Die Verbraucherzentrale NRW warnt vor versteckten Gefahren beim Online-Shopping. Laut einer Umfrage des Digitalverbands Bitkom shoppen 48 Prozent der 16- bis 29-Jährigen und 36 Prozent der 30- bis 49-Jährigen über Social Media, bezogen auf alle deutschen Internetnutzer sind es 29 Prozent. "Das ist durchaus problematisch", sagt Iwona Husemann, Juristin bei der Verbraucherzentrale NRW. "Denn häufig verleiten die Designs zu unnötigen Impulskäufen, die Herkunft der Waren ist teilweise schwer nachzuvollziehen und die Apps sammeln jede Menge Daten."
Demnach sind viele Apps so gestaltet, dass Nutzer spontan Produkte kaufen sollen.

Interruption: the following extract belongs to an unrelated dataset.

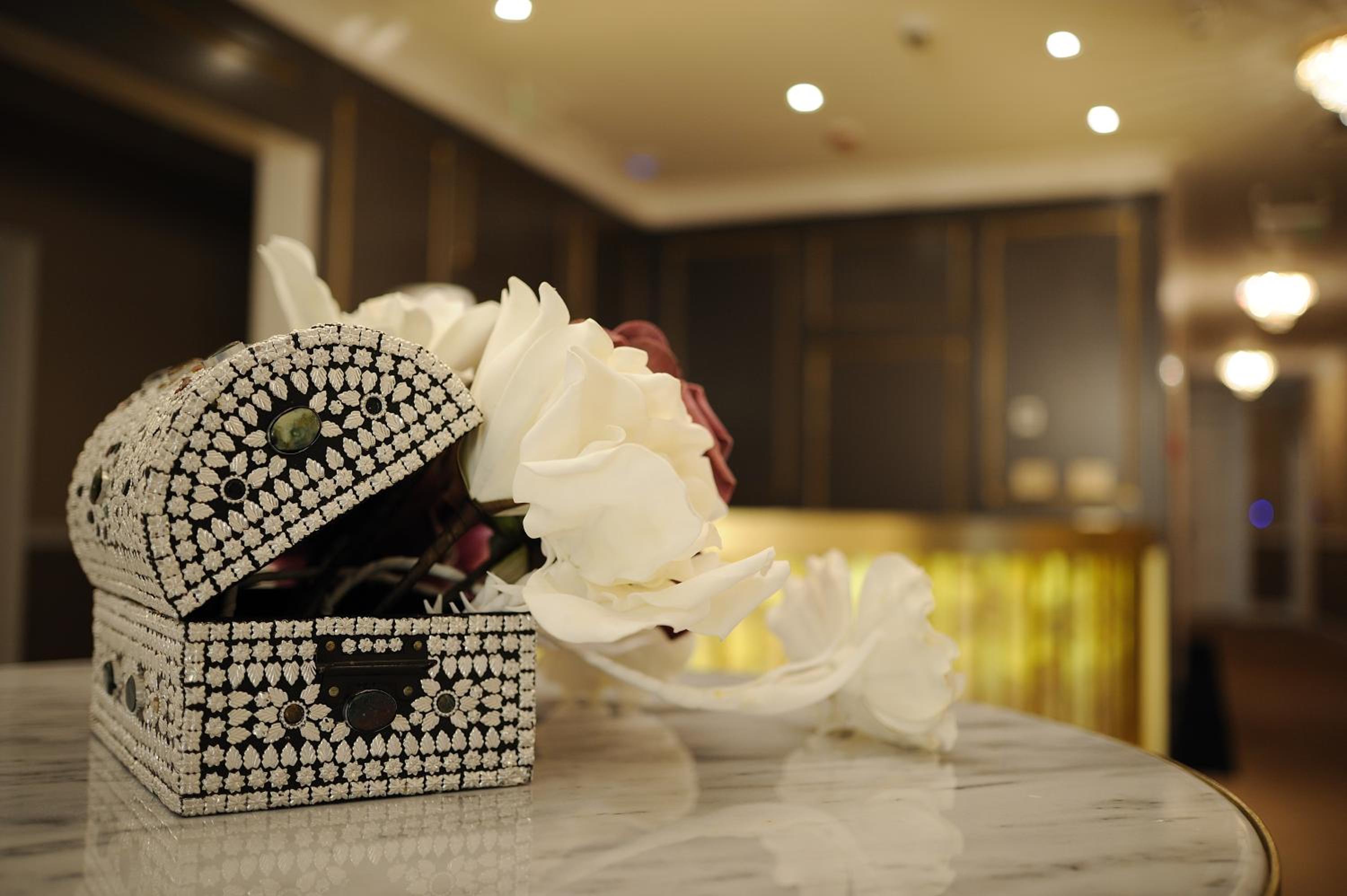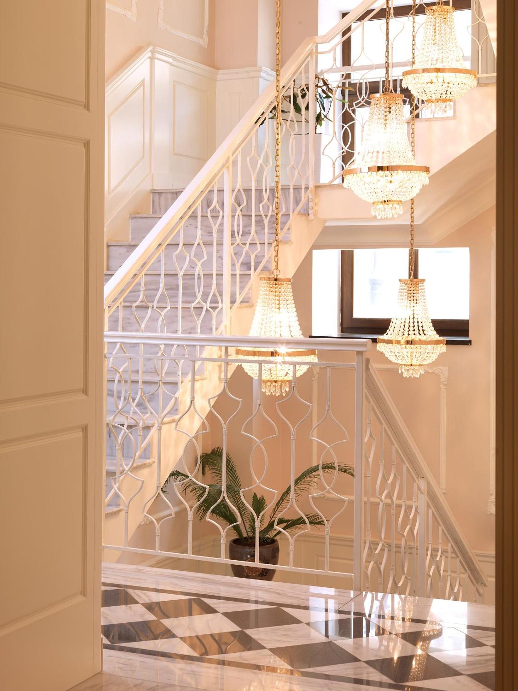 The air-conditioned rooms feature elegant white decor with colorful accents, murals, and intricate chandeliers. Enjoy modern amenities like flat-screen TVs, a dining table, and a minibar. The bathrooms are stocked with complimentary toiletries, bathrobes, and slippers.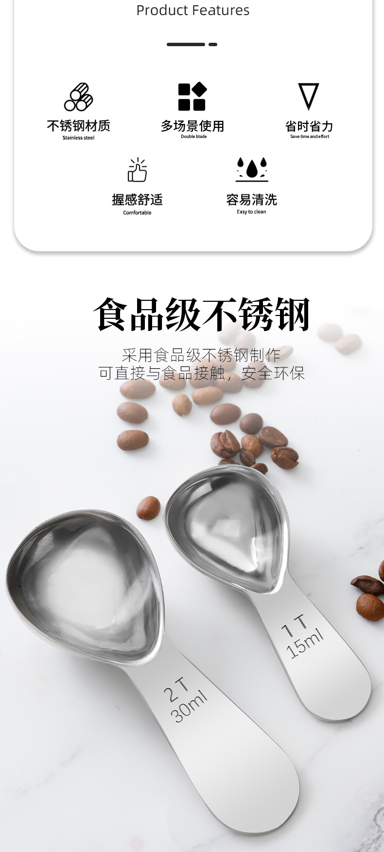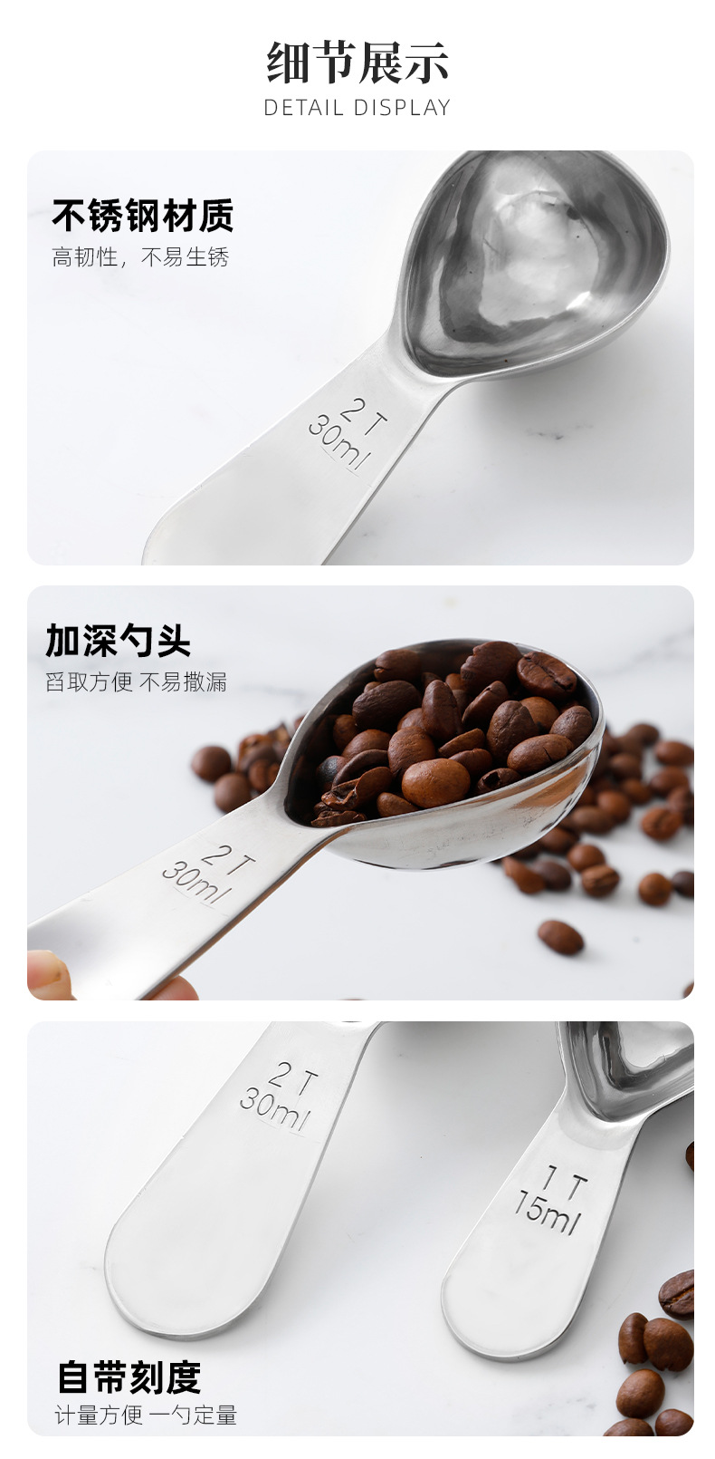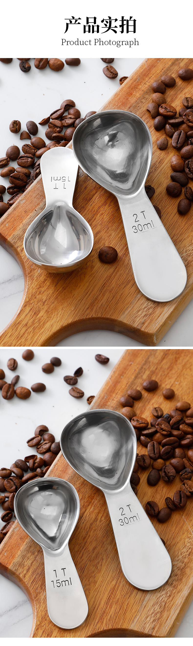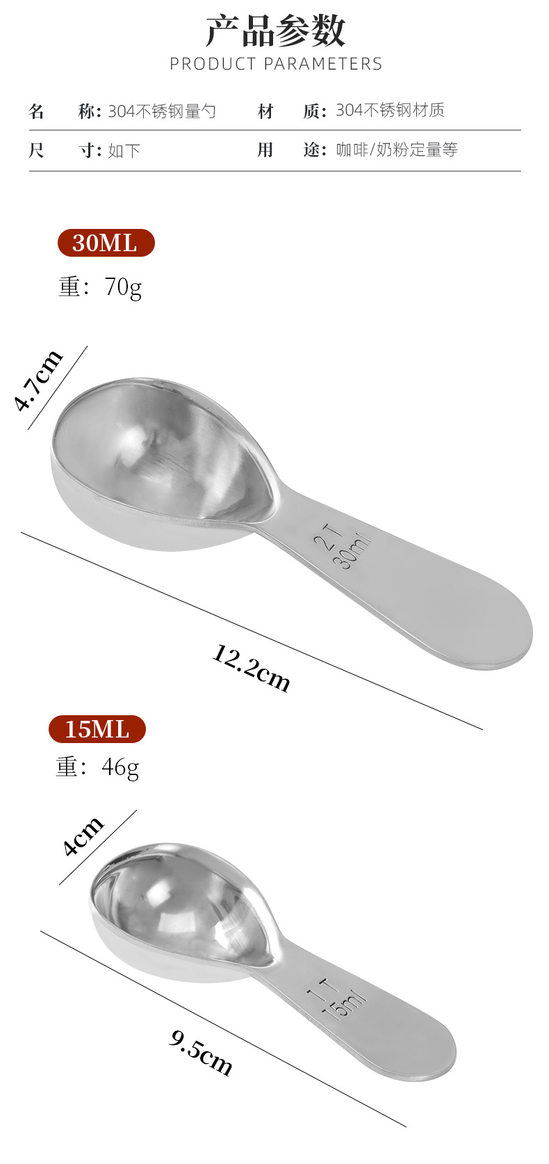 재고 304 두꺼운 스테인리스 커피 스푼 15ml 30ml 스케일 측정 숟가락 측정 숟가락 커피 분유 차 측정 숟가락

Der "Kaufen"-Button wird schnell gedrückt, ohne dass klar ist, ob der beworbene Pulli oder die Sneaker wirklich nötig sind. Oft gibt es günstigere oder bessere Alternativen. Ein Vergleich mit Angeboten im Laden vor Ort kann ebenfalls helfen, die Qualität und den Preis einzuordnen.

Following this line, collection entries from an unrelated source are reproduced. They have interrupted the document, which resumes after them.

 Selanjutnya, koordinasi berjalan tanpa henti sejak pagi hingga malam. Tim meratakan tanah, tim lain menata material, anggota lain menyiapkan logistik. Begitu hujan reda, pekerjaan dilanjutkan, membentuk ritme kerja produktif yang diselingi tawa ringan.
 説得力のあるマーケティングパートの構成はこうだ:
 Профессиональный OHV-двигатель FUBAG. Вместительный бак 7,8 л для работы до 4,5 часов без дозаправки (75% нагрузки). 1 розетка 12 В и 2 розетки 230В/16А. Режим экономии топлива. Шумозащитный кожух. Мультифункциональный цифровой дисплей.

Influencer-Werbung: Nähe zur Zielgruppe, aber oft bezahlte Inhalte
Besonders kritisch sind sogenannte "Dark Patterns". Damit sind manipulative Designs im Bestellprozess gemeint, die Druck aufbauen. Dazu gehören etwa Countdowns beim Kauf oder Hinweise, wie viele andere Personen einen Artikel angeblich gerade im Warenkorb haben. Solche Elemente sollen dazu bringen, schneller zu entscheiden – und weniger nachzudenken.

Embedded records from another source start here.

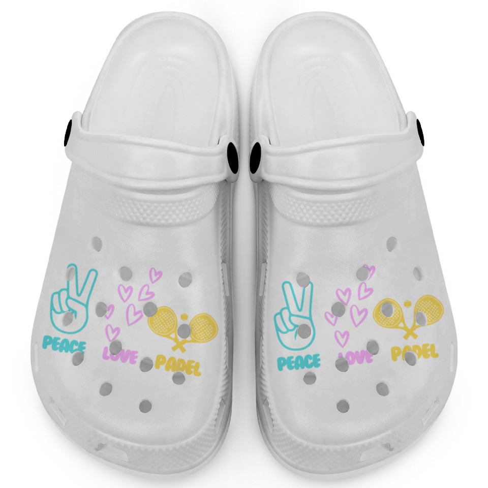 Shop for attractive Padel Tennis peace love padel design Clogs or see more Clogs products on https://printblur.com right now!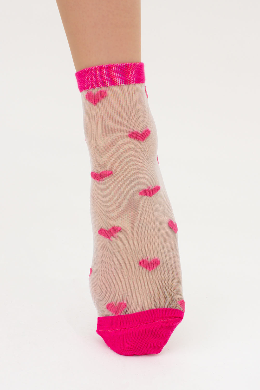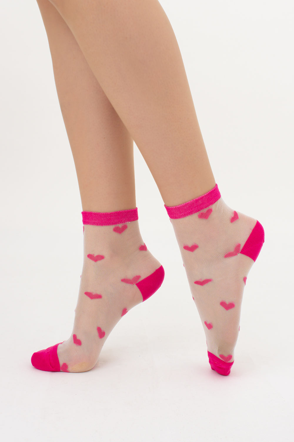 Прозрачные женские носки в сердечках WS2 CRISTAL 074 Giulia (fuchia), розовый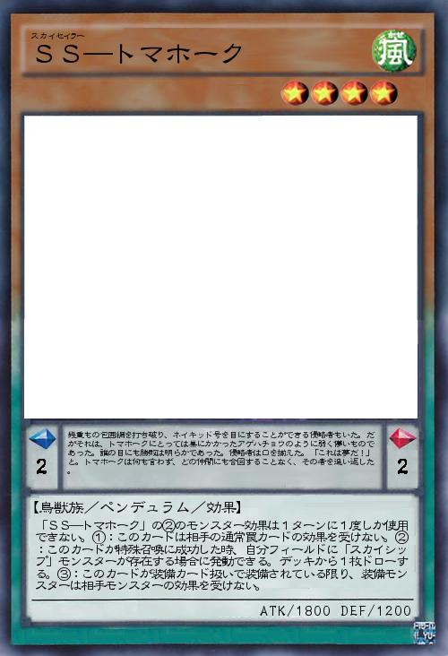 | 「SS―トマホーク」の②のモンスター効果は1ターンに1度しか使用できない。①:このカードは相手の通常罠カードの効果を受けない。②:このカードが特殊召喚に成功した時、自分フィールドに「スカイシップ」モンスターが存在する場合に発動できる。デッキから1枚ドローする。③:このカードが装備カード扱いで装備されている限り、装備モンスターは相手モンスターの効果を受けない。 | |||
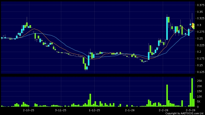 免責聲明:以上金融市場數據、報價、圖表 及/或各種技術分析指標乃根據公開資料分析和演釋自動生成的,僅作參考使用。此類自動生成的內容並不代表AASTOCKS.com Limited的立場。AASTOCKS.com Limited並不保證其準確性、完整性、實時性或者正確性。閣下應諮詢獨立專業意見,以核實定價資料或獲取更詳細的市場信息及須為所有跟隨此類自動生成的內容執行的交易或使用該內容負責。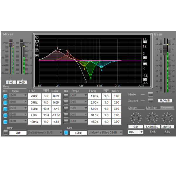 Соответственно, в составе Titan 15 работает два усилителя класса D, которые и обеспечивают эти максимальные 2 х 3 200 Вт. Они управляются электронным кроссовером и получают сигнал от фирменного DSP, который позволяет точно откалибровать и согласовать сабвуфер с параметрами комнаты прослушивания.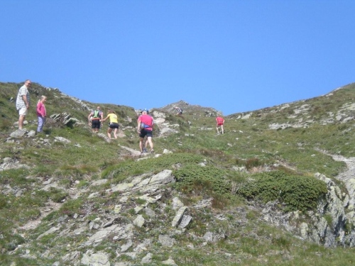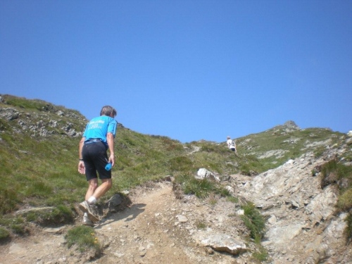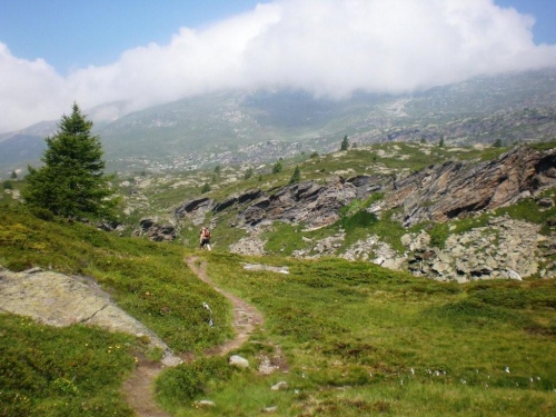 Ich habe den Eindruck, dass in Sachen Unwetter das Gröbste vorüber ist, meine Beine fühlen sich auch in diesem Anstieg recht locker an, ich bin also voll motiviert, das letzte Teilstück in Angriff zu nehmen, denn ich habe schon den Verpflegungsposten auf Furggu im Blick.

Influencer werden häufig von Herstellern bezahlt oder verdienen an eigenen Produkten. Das ist vielen Menschen bewusst. Laut der Bitkom-Umfrage finden insgesamt 21 Prozent der Befragten es sympathisch, wenn Unternehmen mit Influencer werben. In der Gruppe der 16- bis 29-Jährigen sehen 33 Prozent diese Werbeform positiv. Gleichzeitig wünschen sich knapp 43 Prozent dieser Altersgruppe offenbar eine deutlichere Kennzeichnung solcher Beiträge. 90 Prozent aller Befragten vertrauen eher klassischen Produkttests.
Die Verbraucherzentrale NRW rät dazu, beim Online-Shopping vorsichtig mit persönlichen Daten umzugehen. Käufer sollten genau prüfen, welche Informationen sie angeben und welche Zahlungsmethoden sie nutzen. Werbeansprachen nach einer Bestellung lassen sich verringern, wenn Push-Benachrichtigungen in der App oder in den Smartphone- und Browser-Einstellungen abgeschaltet werden. Auch die Abmeldung von E-Mail-Newslettern reduziert die Zahl der Werbemails.
Widerrufsrecht im Online-Handel: Fristen und Abläufe kennen
Vor allem Temu macht offen deutlich, dass das Unternehmen an personenbezogenen Daten interessiert ist und diese zu kommerziellen Zwecken nutzt. Wer die Plattform möglichst datensparsam verwenden möchte, sollte etwa das Standorttracking in den Smartphone- oder App-Einstellungen deaktivieren. Auch das Ausschalten von Tracking-Funktionen am Handy oder der Einsatz von Werbeblockern kann helfen, weniger Werbung angezeigt zu bekommen.
Passen bestellte Produkte nicht, gefallen sie nicht oder entsprechen sie nicht den Erwartungen, können Verbraucher ihr Widerrufsrecht nutzen. Ein Widerruf ist grundsätzlich formlos möglich, erklärt die Verbraucherzentrale NRW. Viele Shops stellen dafür ein Online-Formular bereit. Das Gesetz sieht für fast alle online bestellten Waren vor, dass Kunden ab dem Tag des Warenerhalts 14 Tage Zeit haben, den Kauf zu widerrufen.
Der Online-Shop muss Informationen zur Rücksendung bereitstellen und nach Eingang der Ware den Kaufbetrag zeitnah erstatten. Klappt das nicht, hilft der Musterbrief der Verbraucherzentrale NRW. Er kann ausgedruckt und ausgefüllt dem Paket beigelegt und zusätzlich per E-Mail an den Online-Shop geschickt werden.
Viele Rücksendungen bei Bestellungen
Offizielle Statistiken zur genauen Zahl der Retouren gibt es nicht, Schätzungen zufolge wird aber etwa jedes vierte Paket aus dem Internet zurückgesendet. Bei Bekleidung geht vermutlich sogar jedes zweite Paket an den Händler zurück.Für 2025 gehen Forscher von rund 550 Millionen Rücksendungen in Deutschland aus.